The next few days at our home consisted of model boot camp. At regular intervals I would bark at Ethan to 'find the lens' and would demand he give me varied ranges of facial expressions. I would carefully critique his 'look' and then fine tune his poor 'performance.'

"Look Ethan," I said during one frustrating posing session,"Modeling is not for the faint of heart. It's a career, not a job!" He shrugged his shoulders and continued to throw a tennis ball against my bedroom wall.

Sunday finally arrived and I sprang out of bed. I carefully dressed Ethan and styled his hair to look 'sporty.' With great anticipation, we set off for West Los Angeles and our thrilling new life in childrens modeling!

The audition was being held at a large hangar in close proximity to the Santa Monica airport. As we entered the building I could hear the cacophony of dozens if not hundreds of children. A small, dark vestibule opened into large open room that served as a photo studio where throngs of the most gorgeous, blond haired, blue eyed Hitler Youth looking children frolicked. It was as if I had entered the modeling equivalent of VILLAGE OF THE DAMNED. I was stunned.
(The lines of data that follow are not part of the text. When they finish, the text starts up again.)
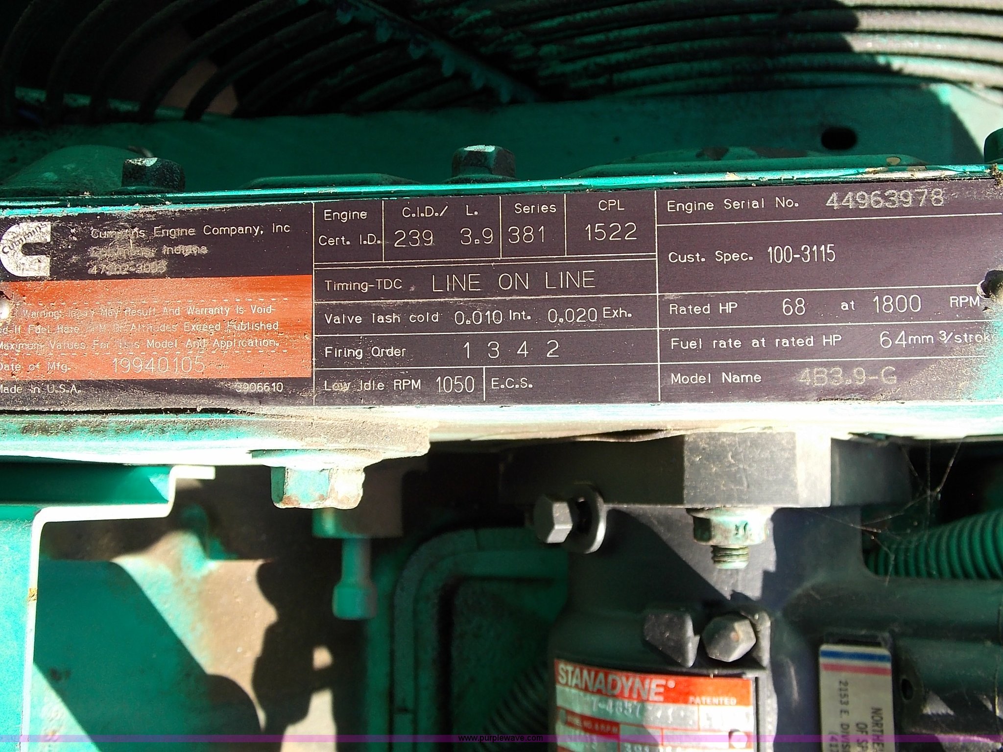 Purple Wave is selling a used Generator Set in Missouri. This item is a Onan 35DGBB generator with the following: 630 hours on meter, Cummins 4B3.9-G four cylinder diesel engine, Exhaust silencer, Model TS251R, Series 381, Three phase, 1,800 RPM, 60 Hz, Serial L930528354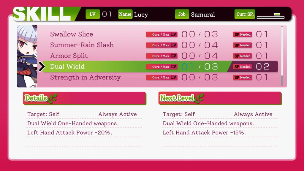 Las habilidades pueden ser aprendidas y mejoradas a través del uso de puntos de habilidad (SP). Para mejorar las habilidades de los personajes, será necesario invertir estos puntos, lo que permitirá a los jugadores personalizar y fortalecer las capacidades de sus héroes a medida que progresan en el juego.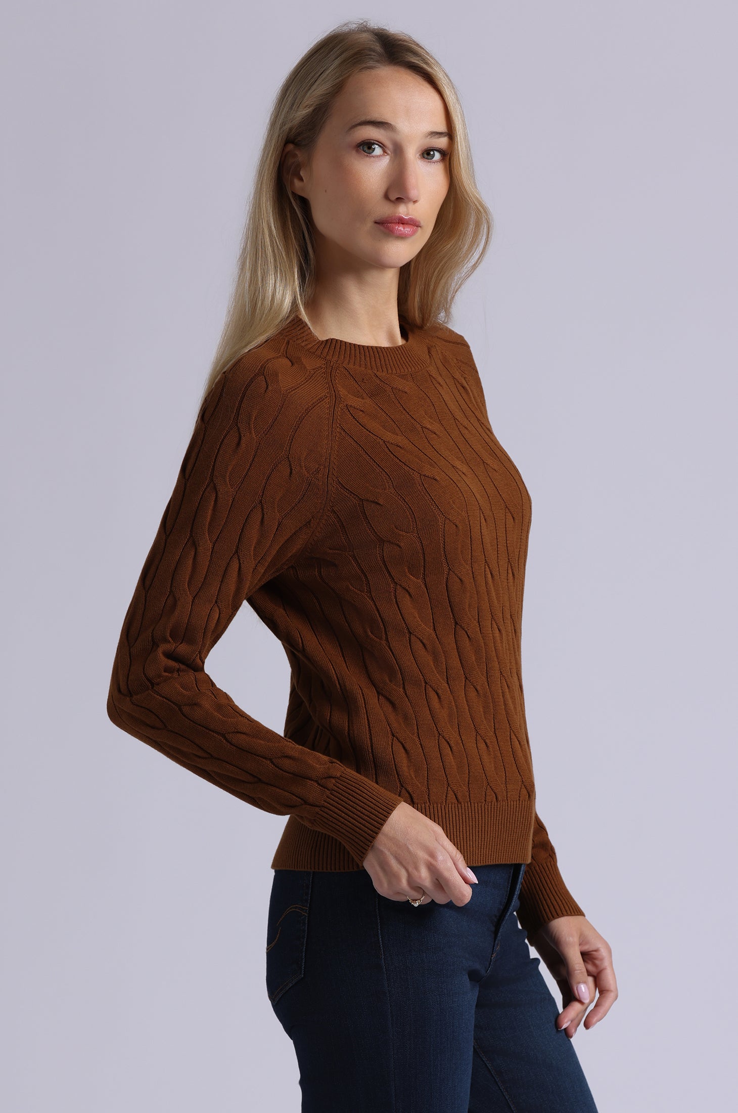 Timeless cable, elevated. The Cotton Classic Cable Crew sculpts, drapes, and enriches every outfit with understated sophistication. Sumptuously soft and exquisitely crafted, it’s the kind of wardrobe essential you’ll want in every color.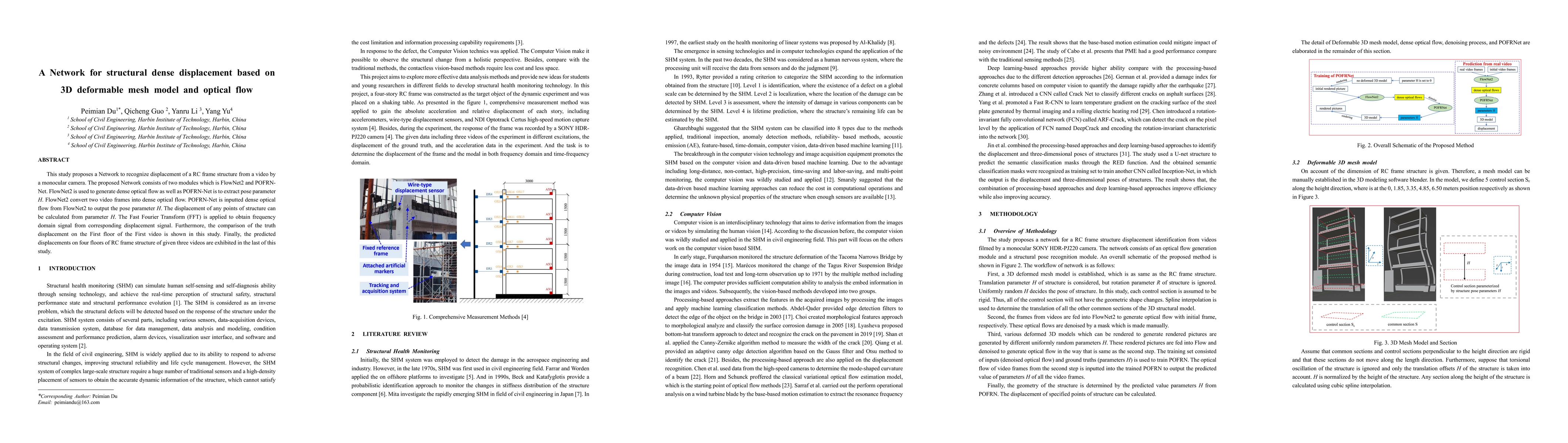 This paper introduces a network combining FlowNet2 and POFRN-Net to detect structural displacement in RC frame structures from monocular video. The network uses optical flow and pose parameter extraction to calculate point displacements, validated through FFT analysis and comparison with true displacement data.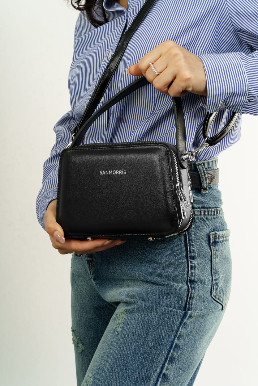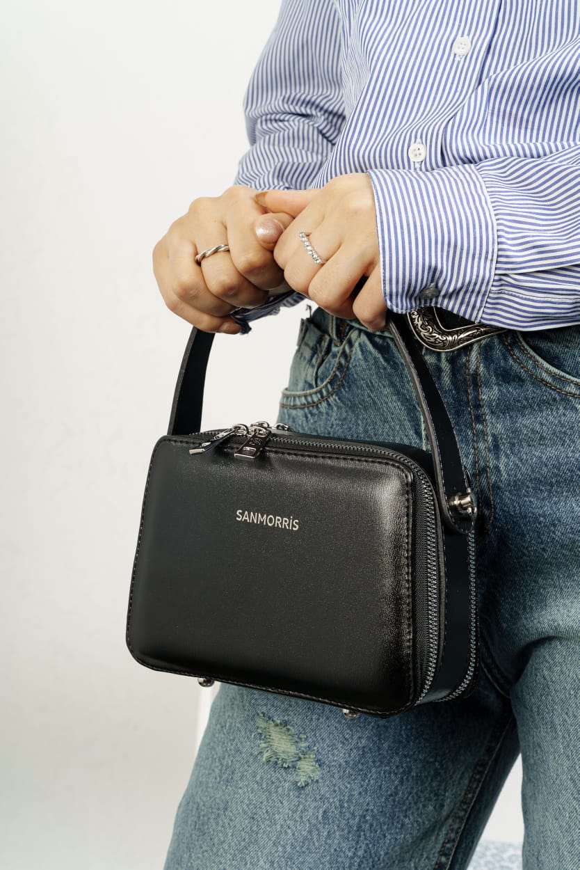 The Pluméa Handbag is a compact women’s hand and shoulder bag ideal for casual everyday use. Measuring 19×14×7 cm, it provides just enough space for essentials while featuring a sleek black leather design. Stylish and practical, Pluméa is perfect for daily outings.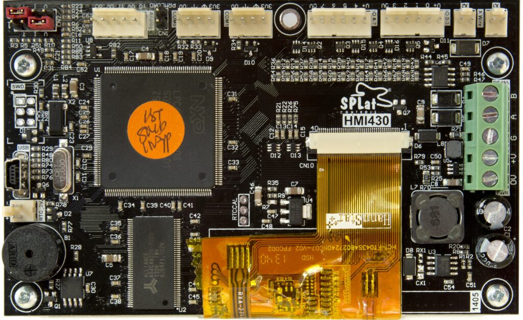 Melbourne, Australia – Oct. 28, 2014 – SPLat Controls announces the HMI430 board-level programmable logic controller (PLC) with an integrated 4.3-inch colour touchscreen, available at nearly half the cost of previous products with similar functionality. With onboard, ruggedized digital I/O, analog I/O, and the SPLat MultiTrack™ built-in multitasking operating system, the HMI430 delivers professional-quality control that is affordable and easy to program, minimizing development time.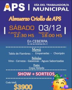 Novedades AVISO IMPORTANTE lunes, 17 de octubre de 2022 APS Estimad@s afiliad@s recuerden que hasta el día 20/10 se pueden adquirir las tarjetas del ALMUERZO CRIOLLO para ser abonadas en dos cuotas.- Nuestra tradicional fiesta será el Sábado 3 de diciembre en CEBERPA a las 12.30 hs. Los esperamos!! ¡Compartí este artículo con tus contactos!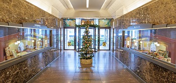 「ショーケースの中を礼拝堂のようにしたい」とのご依頼で、ジョイ設計の得意とするデザインをベースに、クリスマスシーズンの商品等を飾るショーウィンドウの制作をしました。印刷パネルで柱・梁・壁などの構造を、そして十字架や照明器具のミニチュアなどもオリジナルで手作りし、エレベーター扉のデザインと揃えたイラストを投影。キリスト教の建物らしく、クリスマスの物語をお届けできる温かみのあるデザインを目指しました。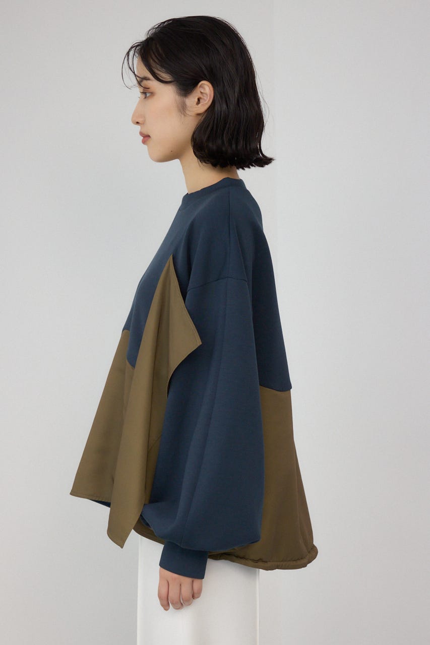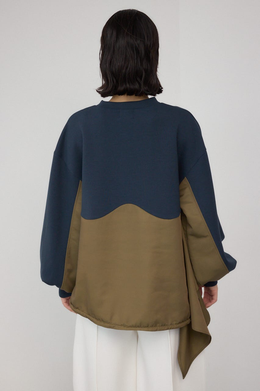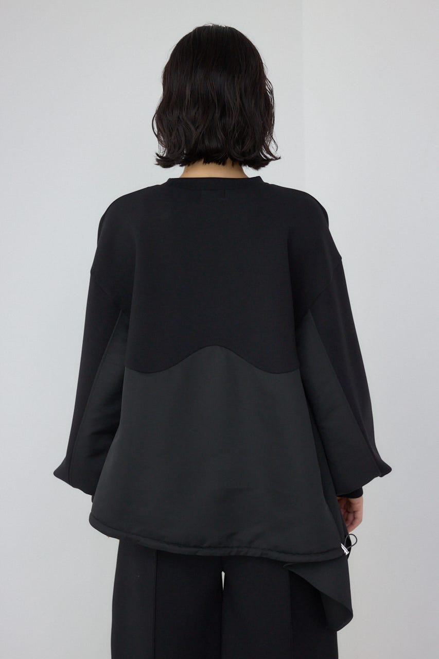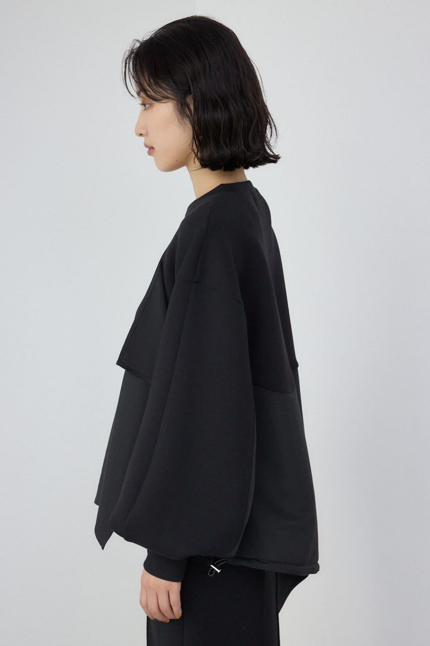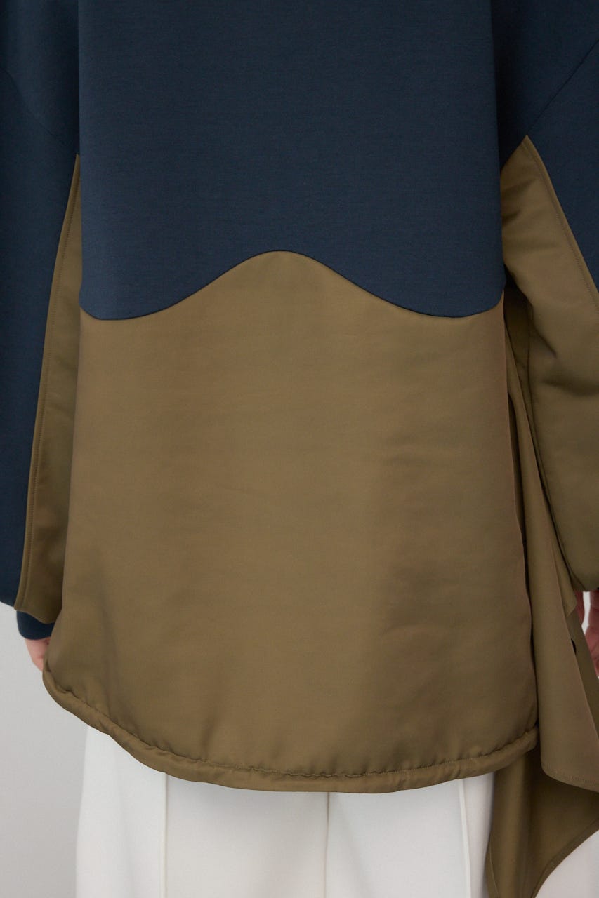 肌触りが良く、もっちりとした弾力のあるダンボール素材と、程よいハリ感のある布帛素材をドッキングさせた異素材コンビのトップスです。

My son happily joined the throng of boy clones currently engrossed in some kind of twisted video game, and I stationed myself at a table with a mother who never glanced at me nor spoke a single word. From what I could tell, she was too busy downing espresso shots and emailing her son's extensive modeling portfolio to perspective agents, photo shoot producers and magazine editors.

An hour later, my son's name was called by a bored production assistant who informed me that they had already met with 500 children in the last two days - and were in desperate need of some Red Bulls. I had difficulty in locating Ethan as he had officially joined the Aryan Brotherhood. I had a hell of a time differentiating him from the Austin, Trevor, Brandon, Malcolm, and Henry clones so I loudly called out his name and took the child that responded in the affirmative.

The entire photo session lasted 15 seconds. My son looked at the camera, yawned and made a half-hearted attempt at smiling. The photographer snapped a dozen or so listless digital photos, high-fived my son and it was over. My son raced back to join his buddies in the brotherhood and I watched my, I mean his dreams of modeling go down the tubes. There were no fashion shows in our future, no fabulous lunches at NOBU with Anna, Dita and Mary Kate, and certainly no future bidding wars by IN-STYLE for our 'candid' at-home photos.

On the drive home, I casually asked the child in my car (I think I took my child) if he had enjoyed his modeling experience. I was shocked to learn that he thought it was 'cool' and asked me to set up a playdate with his blond buds from the brotherhood.

I put the number for NOBU back in my Blackberry's speed dial.